Rishi Sunak is not making the same errors. After the Johnson government collapsed and had to be replaced by a caretaker administration, in turn replaced by the short-lived Truss government, the number of serving and ex-cabinet ministers ballooned. Some will necessarily be disappointed but Sunak is being careful to create a cabinet that will be broadly supportive of his agenda while also including prominent personalities associated with Truss and Johnson. By age, experience, outlook, ideology and vestigial Leave/Remain loyalties it is a delicately constructed team – but it’s experience that counts this time round.
Thus Sunak chose to retain Therese Coffey, a senior Truss confidant, albeit in a different role. He also found positions for figures whose careers were sponsored very much by Johnson, such as carrying over James Cleverly in the foreign office. The same goes for Nadhim Zahawi as chairman of the party. Less of a Johnson buddy these days, Michael Gove, sacked by both Theresa May and Johnson in his time, will find plenty to keep him busy back at the department of Levelling Up (with less money).
Suella Braverman has even been reappointed to the Home Office – someone so volatile and extreme she couldn’t even survive the brief time Truss was premier without a couple of major rows and being asked to quit. Mr Sunak is taking a risk there, but it is clearly an attempt to appease the many in his party obsessed with migration. For those voters motivated by such “culture wars” issues, Sunak needs to defend his flank. He may live to regret that one if she scuppers the India free trade deal again for the sake of some student visas. Words may have been had.
Yet this is very much Sunak’s team, and his closest allies are in key positions across government. Jeremy Hunt, who enjoys a warm rapport with Sunak, stays in control of the Treasury. Another campaign lieutenant, Dominic Raab, is deputy prime minister and justice secretary again. Mel Stride, Simon Hart, Oliver Dowden and Grant Shapps will also form part of a solid phalanx of Sunak loyalists.
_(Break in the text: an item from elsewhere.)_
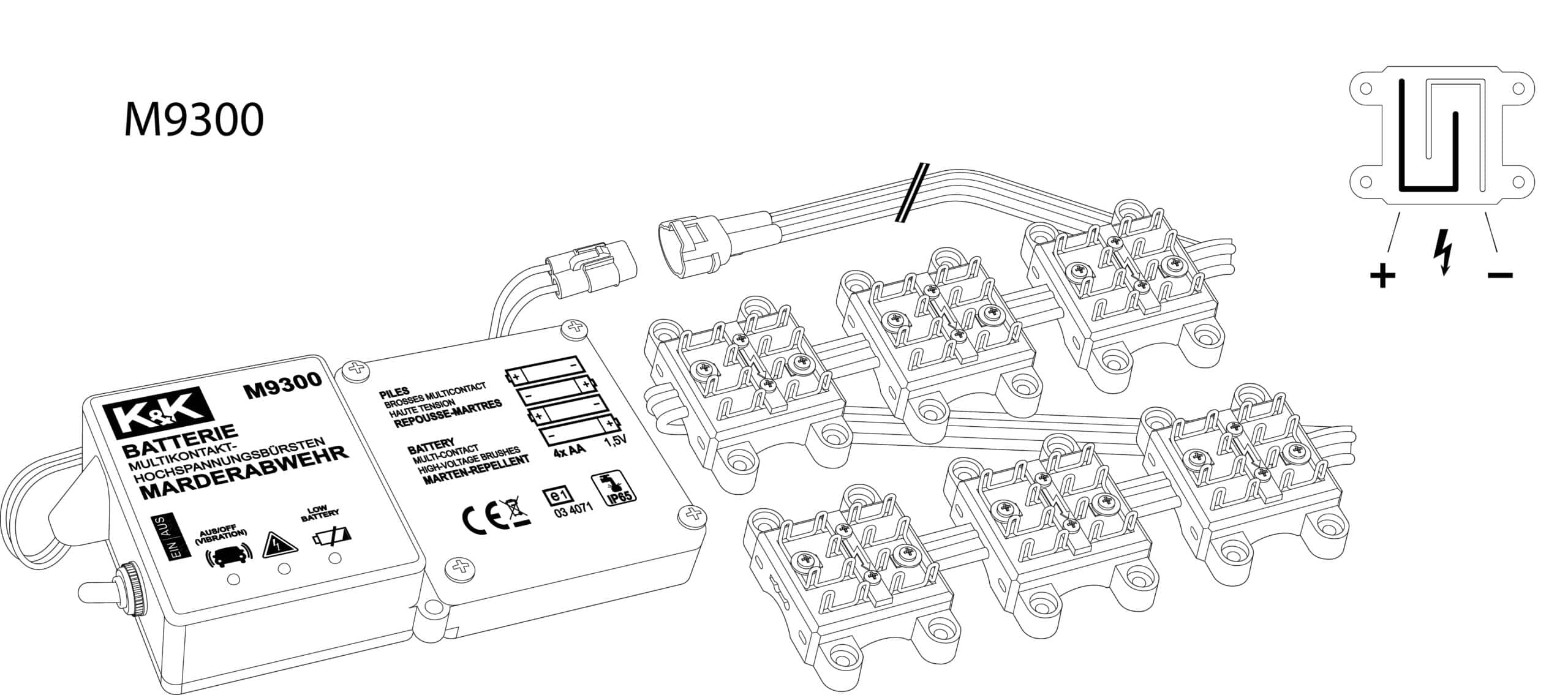The 6 high voltage multi-contact brushes chase the marten away by electric shocks, which are triggered by contact. Not only the sensitive paws and snout offer a potential attack surface, but also the entire body of the animal, as the brushes penetrate the dense and otherwise insulating fur and come into direct contact with the skin. However, the animal is not injured or even killed. Due to its absolute waterproofness, the product can also be installed in the splash water area and thus particularly deep in the engine compartment, thus guarding the entry area of the marten which is particularly worthy of protection.

Penny Mordaunt seems the biggest casualty, and a puzzling one. Standing in for Truss in the Commons in recent times she acquitted herself well, and her showing in the summer leadership election and more recently ought to have brought her a bigger role in both the Truss and Sunak administrations. Her supporters, and others, must wonder what lies behind this strange neglect of one of the Conservatives’ better communicators.
On the whole, it looks to be a cabinet that won’t tumble into too many traps; but then again most of the mistakes and blunders made by the Cameron, May, Johnson and Truss administrations could be traced to the prime minister themself. The most important appointment of the day was the one made by the King. It’s all down to Sunak now.